I admit using the bio-inspired terminology in my own teaching as well. One needs to make the connection to literature in one way or another and it just sounds cool for students. However, GAs are not the first subject in my course. It instead begins by introducing the components of metaheuristic optimization in a way that is formal and as "inspiration-free" as possible. And I use the above terms.

Clear Algorithm Descriptions in Research

While we can change our own wording and notations to make our own work clearer, we may also influence others to do so as well. There are two "access points" that come to mind: When advising research students (research master students, PhD students, … and when reviewing papers.
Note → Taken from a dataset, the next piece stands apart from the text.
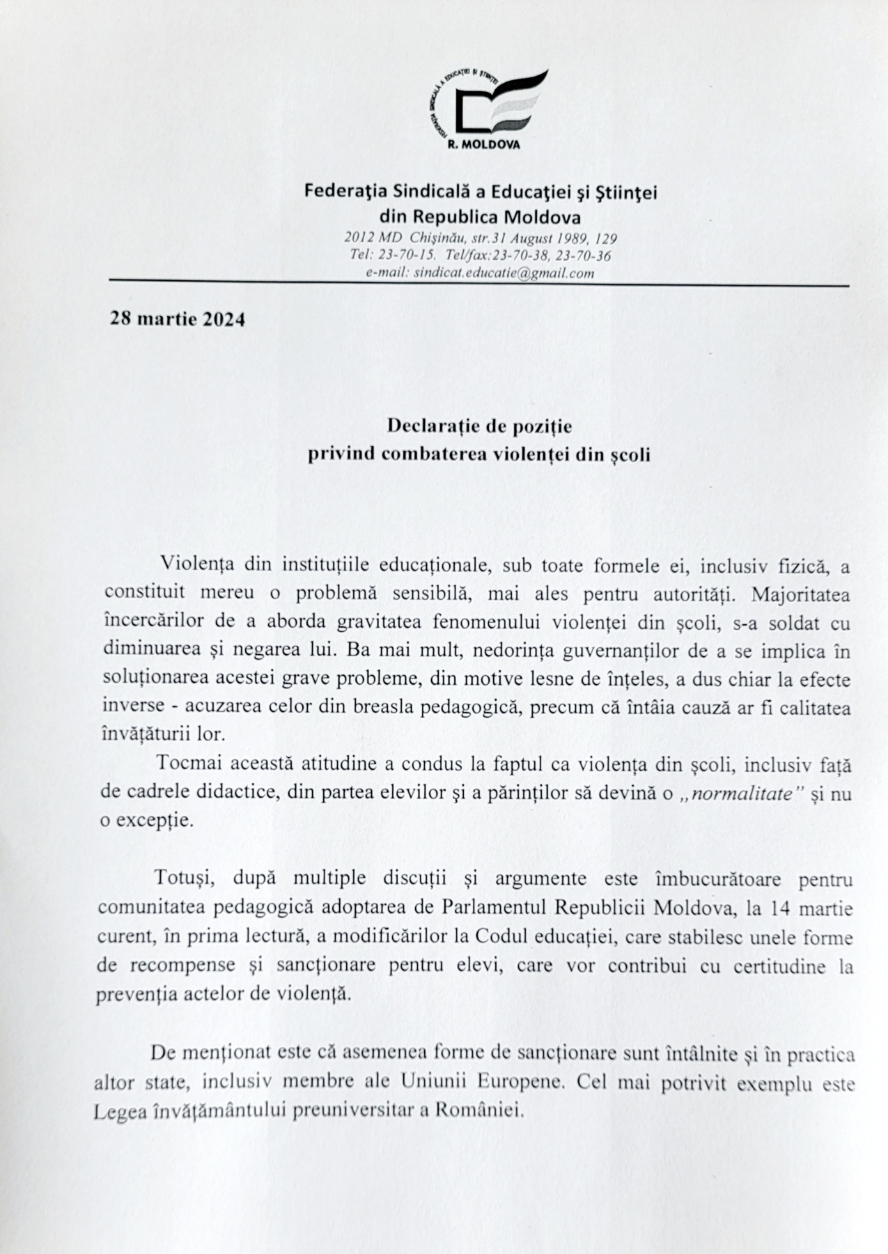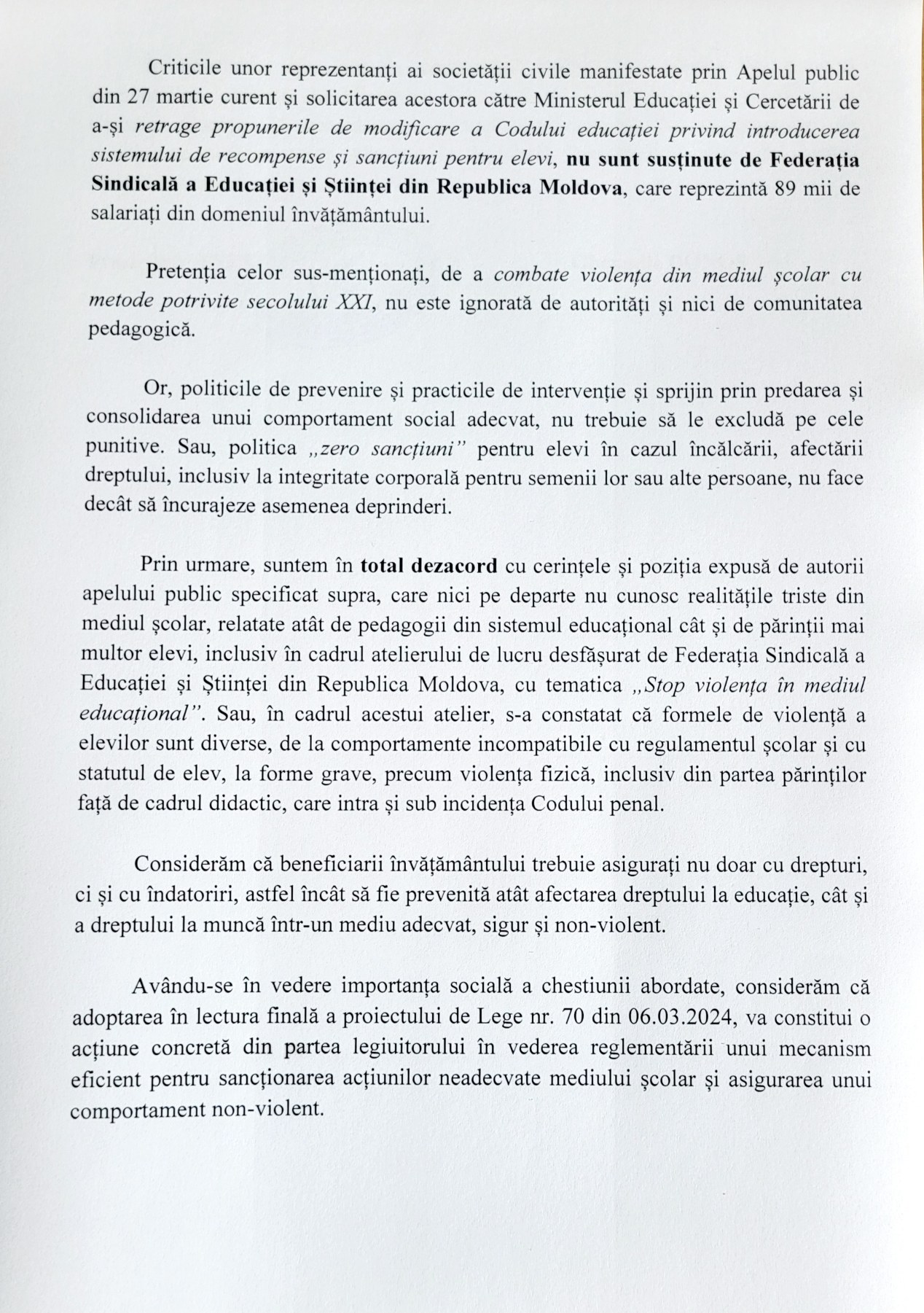 „Avându-se în vedere importanța socială a chestiunii abordate, considerăm că adoptarea în lectura finală a proiectului de Lege nr. 70 din 06.03.2024, va constitui o acțiune concretă din partea legiuitorului în vederea reglementării unui mecanism eficient pentru sancționarea acțiunilor neadecvate mediului școlar și asigurarea unui comportament non-violent.

We can make clear that although inspiration may be drawn from whatever source, in the end, there must a formal algorithm, described in a clear and formal way. This entails discouraging the use (and in particular, the invention) of specialized vocabulary. Algorithms should be described short and precisely. There should be meaningful pseudo code.

Proper Benchmarking

As same as important as a clear description what an algorithm is doing is a clear assessment of its results and performance. This means:

Benchmark Problems

Benchmarking is done on well-known instances of well-known benchmarking problems. If a new algorithm is developed, results should be reported which are meaningful to a large share of the research community. For example, most researchers may either already know what the Traveling Salesman Problem is or can find that out quickly. They can google "Traveling Salesman Problem Benchmark" and will immediately find TSPLib, a benchmark dataset with known optimal results. If a new algorithm is applied to the TSPLib instances, it is extremely easy to get a quick impression on how good the results are and to find literature about the state-of-the-art or potentially related works. If the new algorithm is applied to a problem from, say, laser optics, it will be significantly harder to judge whether it is good or not.

Fair Comparison

Good research requires fair comparisons with the best methods out there. If a new algorithm is compared with a GA, then the GA should use the same search operators and be hybridized with the same local search (if any). It should also be granted the same amount of objective function evaluations (FEs) and and runtime: If the new algorithms can do many FEs in the same real time interval, the GA should receive the same amount of FEs, if the new algorithm needs more runtime per FE, the GA should receive the same amount of runtime (i.e., more FEs). If the new algorithm is population-based, the GA should be tested both with the same population settings and with the best setup found for the EA. If the setup of the new algorithm has been determined with a smaller preliminary experiment testing several configurations, then a similar experiment should also be carried out for the GA to find its best setup as well. A new algorithm for the TSP representing solutions as permutations should not be compared with a GA using an unsuitable representation (say bit strings) for its solutions (and hence different search operators), because it would be entirely unfair.

Negative Results

Of course, for most such well-known problems like the TSP, one will not be able to beat the state-of-the-art which was developed during years of research. I believe, however, that even negative results are valuable too, if they were obtained with thorough experimentation with interesting new concepts. Finding out why an algorithm did not work as well as expected can also be useful. It may help to develop better methods. If someone comes up with a similar idea, the knowledge that it already has been investigated and that it failed may save time and effort. Accepting reasonably interesting negative results at conferences also creates more incentive for thorough experimentation.